In the fifth chapter of To Have and to Hold: The Marriage
Covenant and the Discipline of Divorce (St James’s Place, London: Collins,
1979), David Atkinson articulates six
principles “as basis for a Christian view of divorce in our contemporary
society.” (p. 143, elaborated upon on the following pages)
“In attempting to apply these principles to our contemporary
situation, three particular issues call for further comment.” (p. 151)
(a) Divorce is a moral act, not the result of ‘misfortune’
Atkinson critiques the Root Report, Marriage, Divorce and
the Church (SPCK, 1972). “In contrast to the Eastern Orthodox insistence
that the ‘permission for divorce in no way denies the tragic and sinful nature of
every marriage breakdown’ [citing the Report, p. 121], the Root report (and
indeed much of the way ‘irretrievable breakdown’ is currently understood)
appears to transfer all question of blame for divorce away from the partners
and to the ‘marriage’ as though (as D. Field comments) ‘the institution of
marriage can be made into some kind of third party scapegoat on which all guilt
can be laid’.” (p. 152)
He adds the observations that covenant breaches can be
serious or relatively trivial and that “persistent and unrepentant sin is one
thing; the action which, though of itself not morally good may none the less be
right in the circumstances (like bearing arms in war), is quite another.” (p.
153).
This means that “although legally and socially in
institutional terms all ‘divorcees’ are identical in that they were once
married but are married no longer (and indeed the Church needs to recognize all
civil decrees, even those granted on what from a theological standpoint it may
regard as trivial grounds, as de facto divorces), in theological and
pastoral terms this identity of ‘divorcees’ is not adequate.” (p. 153)
(b) Divorce as the ‘lesser evil’
“To initiate civil divorce procedure as the ‘lesser evil’
may sometimes be a responsible choice, but only with the recognition of sin,
with sorrow and repentance.” (from the Summary, p. 174)
(c) Divorce: the legal procedures
“The legal procedures of the 1969 legislation in this
country do not seem to fulfil the intentions of the authors of the Anglican
Report Putting Asunder (1966) on which (largely) they were based. The
present legal situation and court procedures are in fact making divorce easier
and the maintenance of marriage harder.” (from the Summary, p. 174)
The issue of nullity is discussed on pp. 162-171. “Although
some are urging the Church of England to follow the Church of Rome in exploring
the possibilities of annulment in some cases of marital breakdown, it is
sounder theologically and clearer in practice to recognize divorce, and to
require the handling of even those ‘marriages’ which theologically may be
deemed nullities to be the responsibility of civil courts.” (p. 175).
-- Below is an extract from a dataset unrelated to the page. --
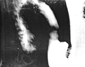 Case 28.1. G.G., 52 year old male. Radiographic examination showed a moderate degree of constant contraction of the pyloric sphincteric cylinder, with absence of normal, cyclical contraction and relaxation; the contraction fixed the pyloric aperture in the open position (Fig. 28.1). The stomach appeared to be hypertonic; rapid emptying of fluid barium occurred. Endoscopic biopsy of the "antral" region revealed acute on chronic gastritis; no evidence of malignancy was seen. Repeat endoscopic biopsy two months later showed acute on chronic inflammatory reaction in the lamina propria, with eosinophylic infiltration and without evidence of intestinal metaplasia. Stainings for Helicobacter pylori were positive. A third endoscopic biopsy two months after the second, showed chronic gastritis with intestinal metaplasia. Stainings for Helicobacter pylori were negative.
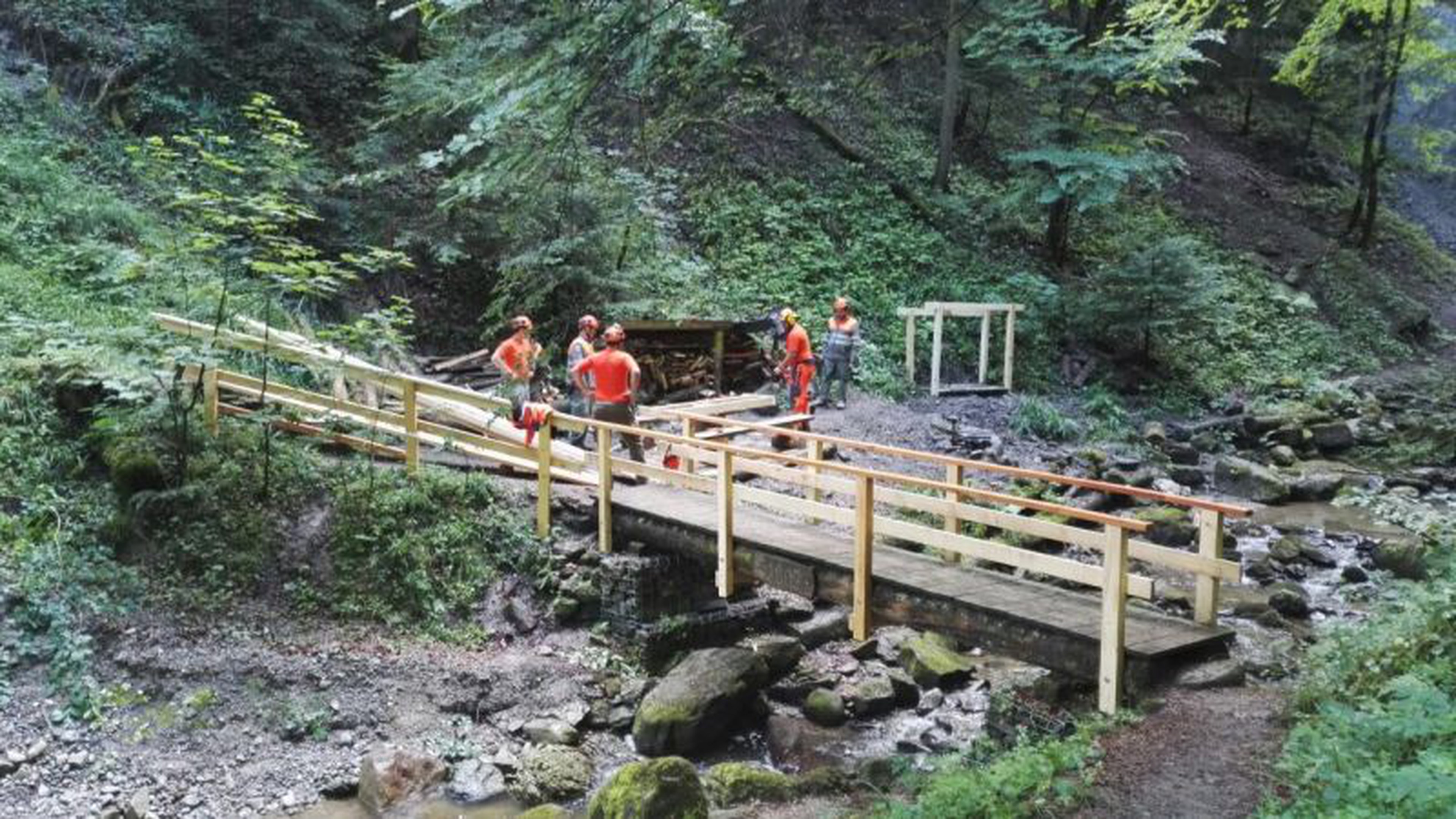 Nebst den Arbeiten in Bächen konnte auch ein bis dahin gesperrter Wanderweg nach dem WK wieder geöffnet werden. Dieser Weg war durch einen Hangrutsch abschnittsweise verschüttet gewesen und konnte durch die Pioniere wieder freigeräumt und neu aufgebaut werden.

“Finally, what about the moral issues involved in the
question of remarriage after divorce?
The possibility, indeed likelihood, of remarriage after
divorce is presupposed in both Old and New Testaments, although, as we have
seen, a second marriage falls under the cloud of the broken covenant of the
first.” (p. 171)
“Our view is that it is not only remarriage which closes the
door to all possibility of reconciliation and renewal. When that door has
finally been shut by a determination of the will of either partner, there can
be a freedom to remarry. But only if the door has been shut. Any children of
the first marriage (almost invariably the chief casualties of divorce) are also
of paramount importance, and the fulfilment of outstanding covenant obligations
of parenthood towards them is another of the moral issues affecting the decision
concerning remarriage.” (p. 172)
Atkinson also notes the importance of exploring and, if need
be, addressing pastorally and maybe therapeutically “the question of personal
ability to make and sustain committed relationships” (p. 172). Furthermore, one
would need to judge “that the overall personal good of remarriage in a particular
case would justify the threat that a second union would make to the social
institution of marriage.” (p. 173).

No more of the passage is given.